The arachadonic acid results of the new research that Dr. Volek led are just as surprising as what they learned about saturated fat. People on the very low-carb diet showed substantially greater increase in arachidonic acid that scientists have commonly viewed as contributing to inflammation. But at the same time many of the inflammatory markers significantly decreased.

How is this possible?

“There has been this negative view of arachadonic acid, primarily because people have focused on its products rather than the intact fatty acid itself,” Dr. Volek told me. “It is indeed the source of a lot of proinflammatory ecosanoids that promote inflammation and thrombosis and so forth, but that is only if it is acted upon by the oxygenators or if it comes in contact with molecular oxygen.”

On a low-carb diet the difference is that we have less oxidative stress. So the arachadonic acid doesn’t degrade. Its proportion in the membranes actually increases. In fact, the higher the arachadonic acid went up the less the inflammation, Dr. Volek told me.

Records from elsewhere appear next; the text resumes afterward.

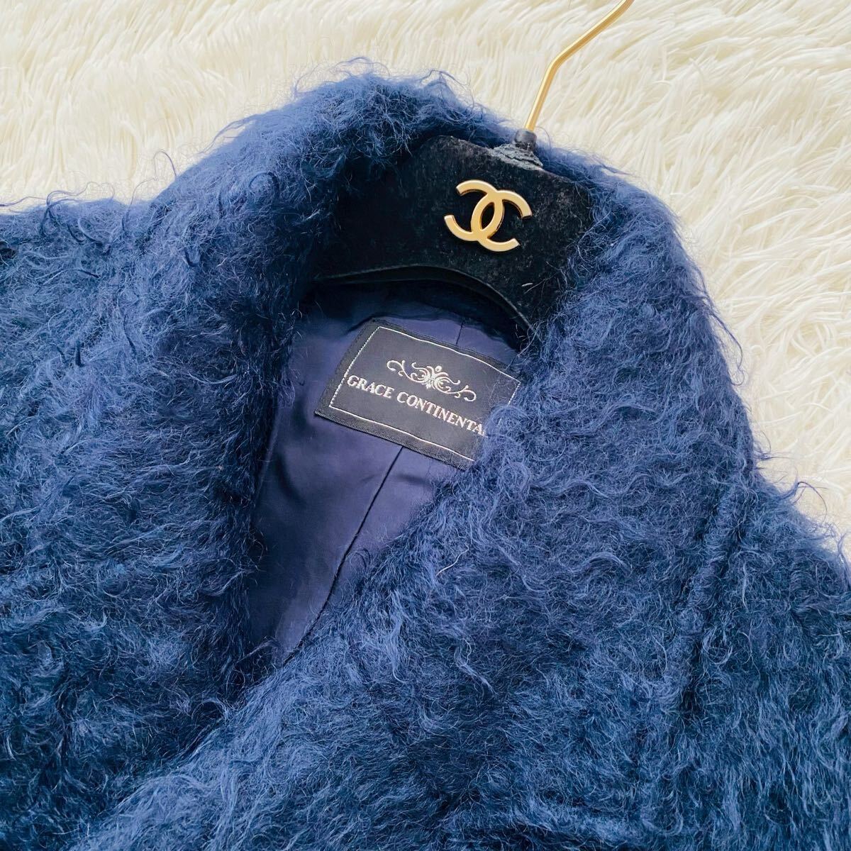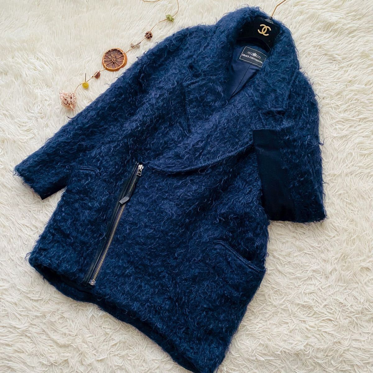 *今年のトレンドカラーの一つである希少なロイヤルブルーモヘヤを使用、GRACE CONTINENTALのロングシャギーコート。あえて毛足のある上質でもこもこのウールモヘヤWシャギーを使い、女性らしい表情に仕上げた一枚。シャギーコートとしては珍しいジップアップ仕様なので軽くラフに羽織れ、今年の冬を華やかに彩ります。
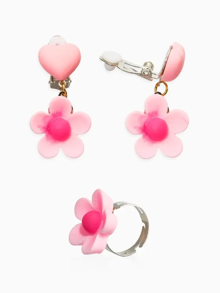 Набор детских украшений "Выбражулька" цветок, 4 предмета: клипсы, кольцо, бусы, браслет
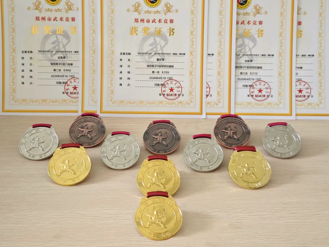 4月19日,“我在郑州学功夫” 2026 年郑州市武术(套路)锦标赛在郑州市体育馆圆满落幕。来自登封万羊武术中等专业学校的武术健儿们,以扎实功底、昂扬斗志,在强手如林的赛事中奋勇拼搏,最终斩获金牌 4 枚、银牌 4 枚、铜牌 3 枚,以 11 枚奖牌的骄人战绩,展现万羊学子文武兼修、勇攀高峰的卓越风采!
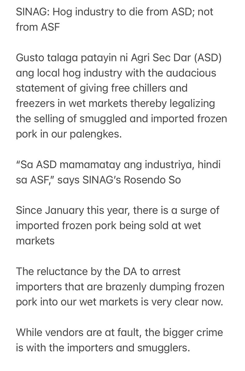 @meltlopez Agri group SINAG says DA Sec. Dar’s policies will kill the local hog raising industry.
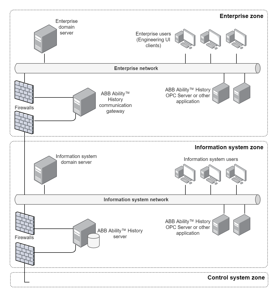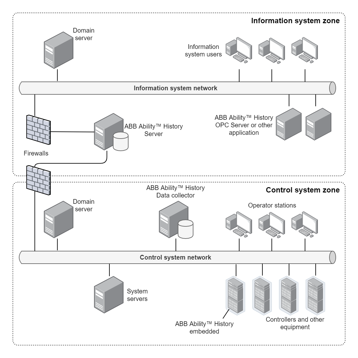 When ABB Ability™ History is used as an information system platform, it is typically installed to an information system network that is isolated from the control system network with a firewall, and also from all the other systems in the information system network. Typically ABB Ability™ History is connected to be part of the information system domain. One ABB Ability™ History server can be connected to several data collectors in different control systems.
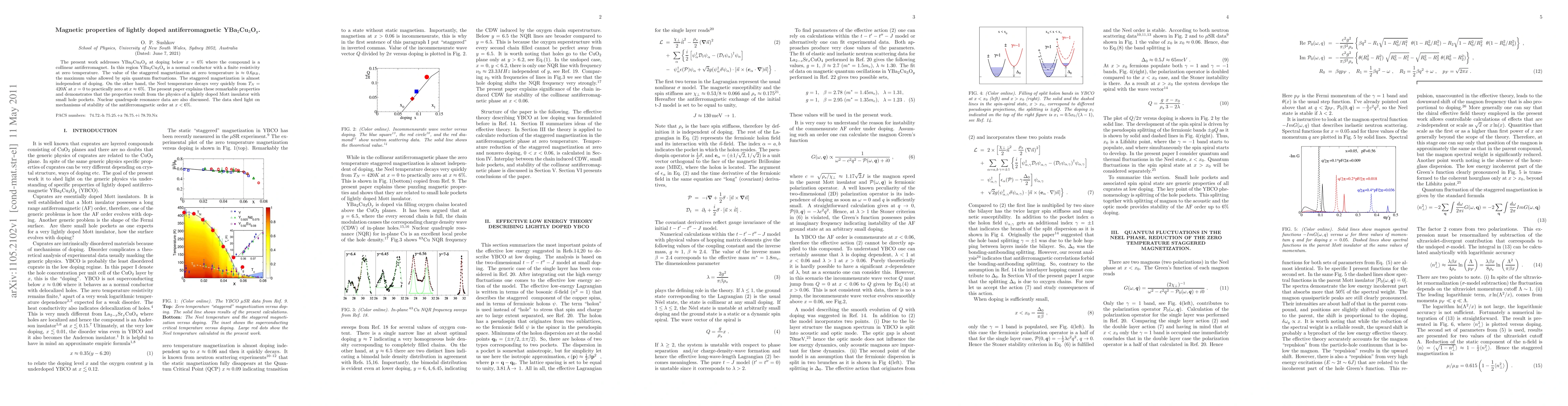 The present work addresses YBa$_{2}$Cu$_{3}$O$_{y}$ at doping below x=6% where the compound is a collinear antiferromagnet. In this region YBa$_{2}$Cu$_{3}$O$_{y}$ is a normal conductor with a finite resistivity at zero temperature. The value of the staggered magnetization at zero temperature is 0.6\mu_B, the maximum value allowed by spin quantum fluctuations. The staggered magnetization is almost independent of doping. On the other hand, the Neel temperature decays very quickly from T_N=420K at x=0 to practically zero at x = 0.06. The present paper explains these remarkable properties and demonstrates that the properties result from the physics of a lightly doped Mott insulator with small hole pockets. Nuclear quadrupole resonance data are also discussed. The data shed light on mechanisms of stability of the antiferromagnetic order at x < 6%.
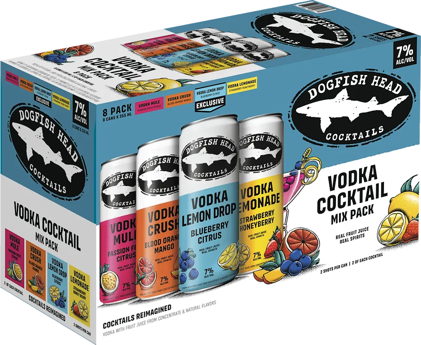 "A variety pack containing two cans each of Dogfish Head Blueberry Citrus Vodka Lemon Drop, Passionfruit Citrus Vodka Mule, Blood Orange and Mango Vodka Crush and Strawberry and Honeyberry Vodka Lemonade."
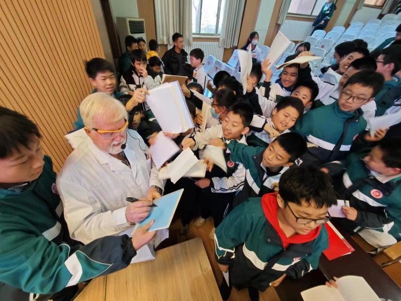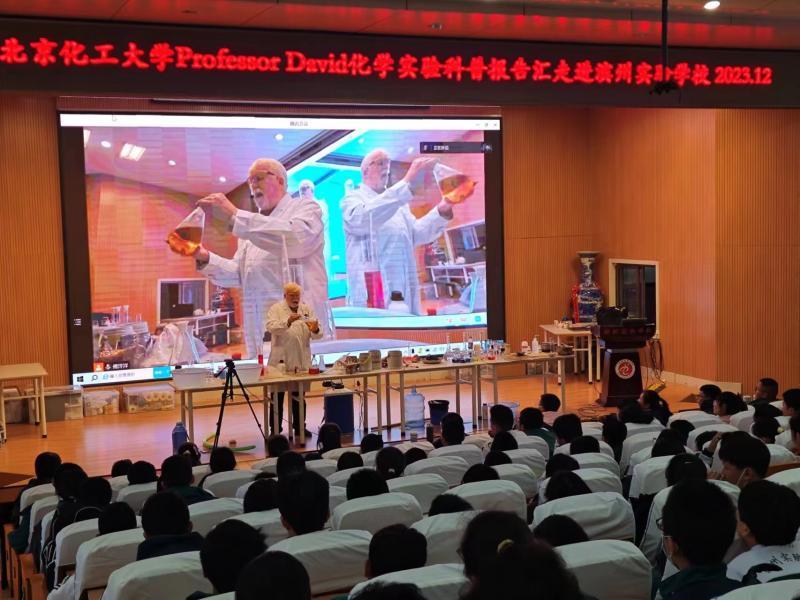 在化学实验科普报告中,戴伟教授用一口流利的中文与学生交流,与学生亲切互动,结合精彩而有趣的实验引导同学们透过表象探究本质,科学观察、积极思考、大胆提问,勇于探求真理,让同学们进一步感受到化学世界的奇妙。戴伟教授形式多变、趣味盎然的实验和特有的西式幽默极大地激发了同学们对化学实验的兴趣。戴伟教授勉励大家努力学习,成为明天的科学家。
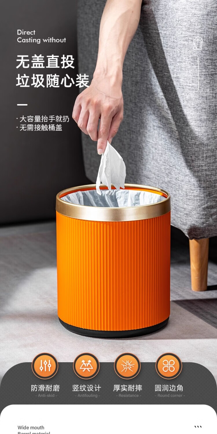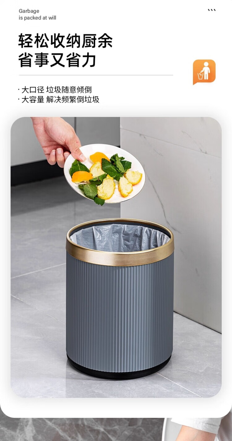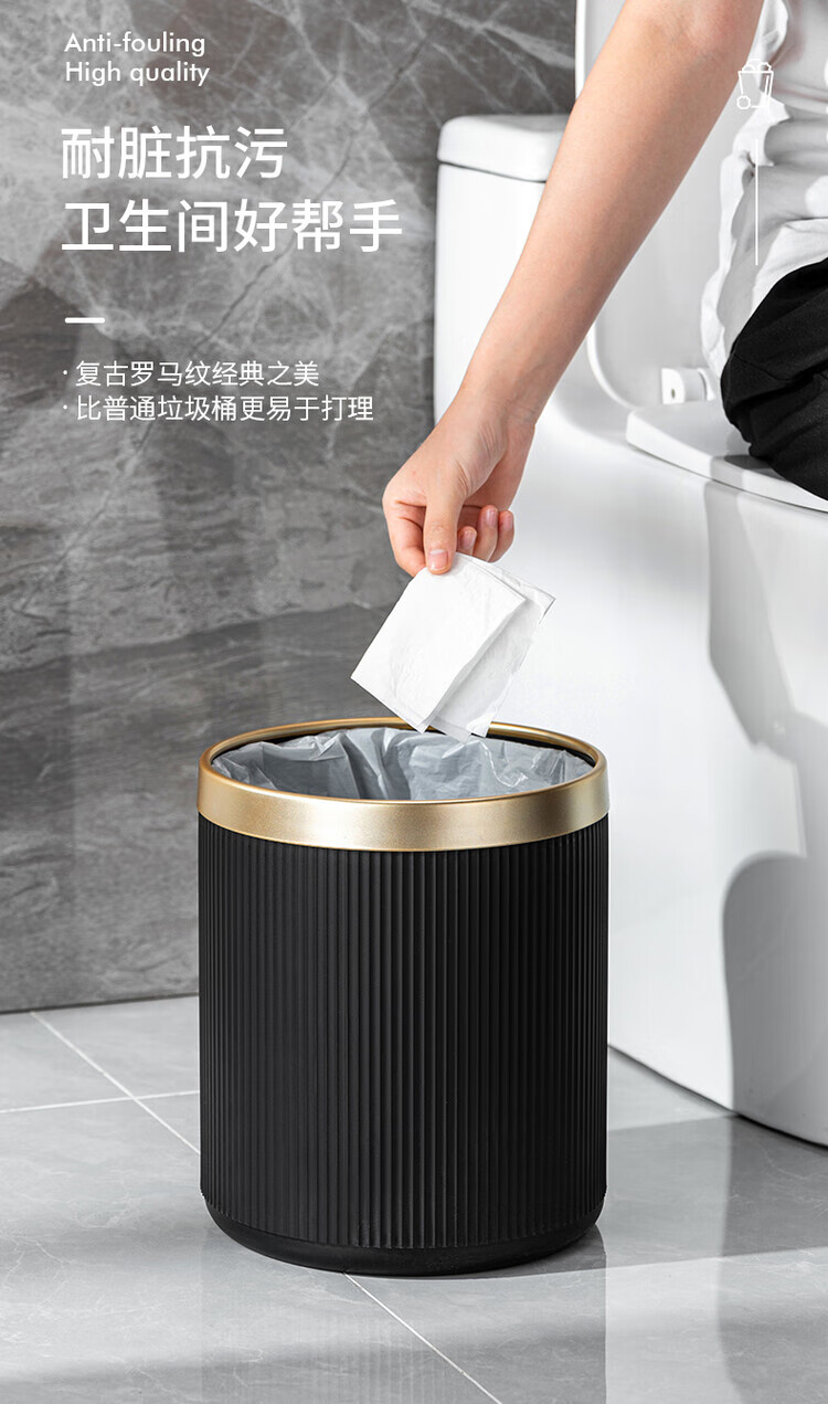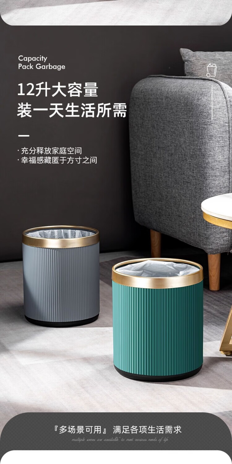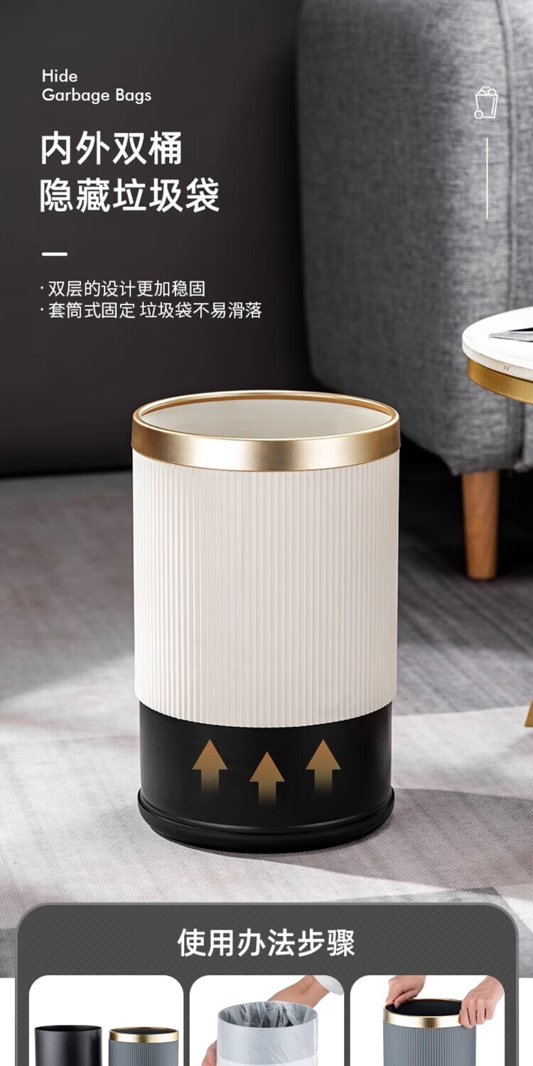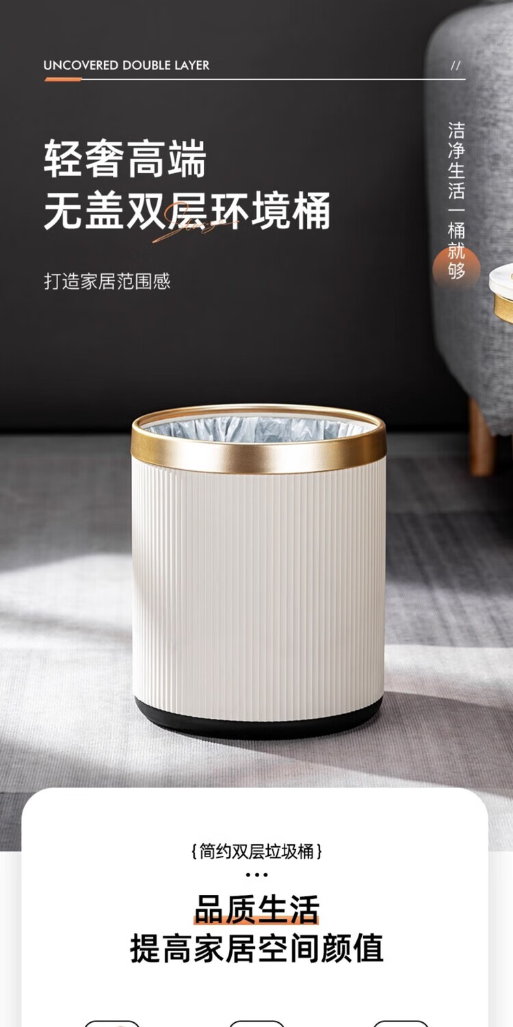 AILUKI日本垃圾桶家用客厅厨房厕所高级轻奢酒店客房办公室专用无盖纸篓 20L双层层方形升级【灰色】

 “That is a totally new concept,” he says. “There are a lot of misunderstandings and over-generalizations about arachadonic acid. We actually need to view arachadonic acid as a positive thing. It contributes to fluidity in membranes.”

I couldn’t resist asking Dr. Volek a personal question. “Do you follow a low-carb diet yourself?” I asked.

“I do,” he replied. “I am happy to say that I am not a hypocrite.”

He says that he has followed this diet for about 20 years because on it he feels better. His diet is 10 to 15 percent carbohydrate, probably around 50 grams a day. It’s a bit more grams than the very low-carb diet in his recent study, because he doesn’t have a weight problem.